Recurrence risk with negative SLNB
A negative SLNB generally indicates a favorable prognosis due to low risk of melanoma recurrence. 14 However, recurrence still occurs in approximately 16% of SLNB-negative patients, particularly those with thicker tumors, ulceration, or high mitoses. 15 Median time to melanoma recurrence ranges from 9.3 to 35.4 months, with melanoma of the head and neck recurring earlier, indicating a worse prognosis.16,17 Notably, SLNB-negative patients with subsequent recurrence have poorer survival compared to SLNB-positive patients. 18 This supports the need for enhanced risk stratification and follow-up guidelines in select SLNB-negative patients. Patients with a prior melanoma are also at increased risk of developing subsequent primary melanomas, as noted in our patient.

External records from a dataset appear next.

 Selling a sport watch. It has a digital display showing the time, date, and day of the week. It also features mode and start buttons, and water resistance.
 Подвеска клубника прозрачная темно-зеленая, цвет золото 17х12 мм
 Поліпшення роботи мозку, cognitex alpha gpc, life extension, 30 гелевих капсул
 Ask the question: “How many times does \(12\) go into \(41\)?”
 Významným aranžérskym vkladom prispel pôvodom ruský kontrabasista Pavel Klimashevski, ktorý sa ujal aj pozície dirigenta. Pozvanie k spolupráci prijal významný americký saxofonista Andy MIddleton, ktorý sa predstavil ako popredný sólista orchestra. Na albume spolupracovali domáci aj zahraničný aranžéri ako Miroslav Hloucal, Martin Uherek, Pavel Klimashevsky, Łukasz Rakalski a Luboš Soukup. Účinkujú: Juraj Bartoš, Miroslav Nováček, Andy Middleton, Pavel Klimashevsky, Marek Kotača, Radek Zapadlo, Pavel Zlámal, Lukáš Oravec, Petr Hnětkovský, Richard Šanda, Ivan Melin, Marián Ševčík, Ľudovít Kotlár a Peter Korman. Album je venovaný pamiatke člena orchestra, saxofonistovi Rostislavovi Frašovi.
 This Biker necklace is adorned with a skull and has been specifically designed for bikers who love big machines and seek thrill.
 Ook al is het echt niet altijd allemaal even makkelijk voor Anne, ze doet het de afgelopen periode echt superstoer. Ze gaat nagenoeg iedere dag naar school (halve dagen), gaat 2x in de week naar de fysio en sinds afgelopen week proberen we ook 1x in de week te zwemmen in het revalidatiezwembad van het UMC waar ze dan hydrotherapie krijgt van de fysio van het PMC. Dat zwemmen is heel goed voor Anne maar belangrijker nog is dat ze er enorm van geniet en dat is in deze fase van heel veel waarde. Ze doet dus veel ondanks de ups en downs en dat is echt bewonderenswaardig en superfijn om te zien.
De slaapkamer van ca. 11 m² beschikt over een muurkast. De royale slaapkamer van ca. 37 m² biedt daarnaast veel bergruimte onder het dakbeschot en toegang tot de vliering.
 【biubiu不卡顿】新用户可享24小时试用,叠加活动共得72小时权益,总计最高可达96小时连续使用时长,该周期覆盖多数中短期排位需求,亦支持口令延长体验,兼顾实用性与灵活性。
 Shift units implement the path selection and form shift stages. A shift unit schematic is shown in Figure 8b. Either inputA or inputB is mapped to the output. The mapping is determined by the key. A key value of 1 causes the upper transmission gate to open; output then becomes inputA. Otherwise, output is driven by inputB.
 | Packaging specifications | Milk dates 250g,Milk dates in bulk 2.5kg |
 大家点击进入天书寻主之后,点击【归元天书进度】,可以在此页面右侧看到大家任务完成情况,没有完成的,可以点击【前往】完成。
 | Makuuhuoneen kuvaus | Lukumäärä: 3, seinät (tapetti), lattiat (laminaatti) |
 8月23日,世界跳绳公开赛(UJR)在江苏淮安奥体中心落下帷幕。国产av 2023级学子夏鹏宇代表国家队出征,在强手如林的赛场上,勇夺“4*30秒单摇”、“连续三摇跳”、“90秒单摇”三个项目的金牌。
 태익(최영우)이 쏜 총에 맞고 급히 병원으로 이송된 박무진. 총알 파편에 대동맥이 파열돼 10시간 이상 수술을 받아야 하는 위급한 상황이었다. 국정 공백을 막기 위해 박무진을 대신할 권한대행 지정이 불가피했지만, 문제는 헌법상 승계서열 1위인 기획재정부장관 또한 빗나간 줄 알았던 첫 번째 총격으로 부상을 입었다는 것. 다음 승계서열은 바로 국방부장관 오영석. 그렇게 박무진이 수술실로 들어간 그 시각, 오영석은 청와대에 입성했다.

For instance, a 2024 Norwegian cohort study identified older men as particularly high risk for secondary primary invasive melanomas, highlighting the need for closer monitoring in the first 3 years following initial diagnosis. 19 Current guidelines recommend TBSE every 6 months for the first 2 years for patients with stages 0–IIa and every 3–6 months for the first 2 years for patients with stage IIb and higher.10,20
This case highlights the unpredictable nature of melanoma progression, especially in SLNB-negative patients. Despite early detection and a negative SLNB, the patient developed widespread head and neck micrometastases in under 1 year. This underscores the limitations of SLNB, particularly in thick melanomas or those with high-risk features, emphasizing the need for vigilant, personalized follow-up and enhanced predictive tools for effective surveillance.
Footnotes
Consent to participate
The patient provided written informed consent for the publication of this case report, including all clinical details and images.
Funding
The authors received no financial support for the research, authorship, and/or publication of this article.
Declaration of conflicting interests
The authors declared no potential conflicts of interest with respect to the research, authorship, and/or publication of this article.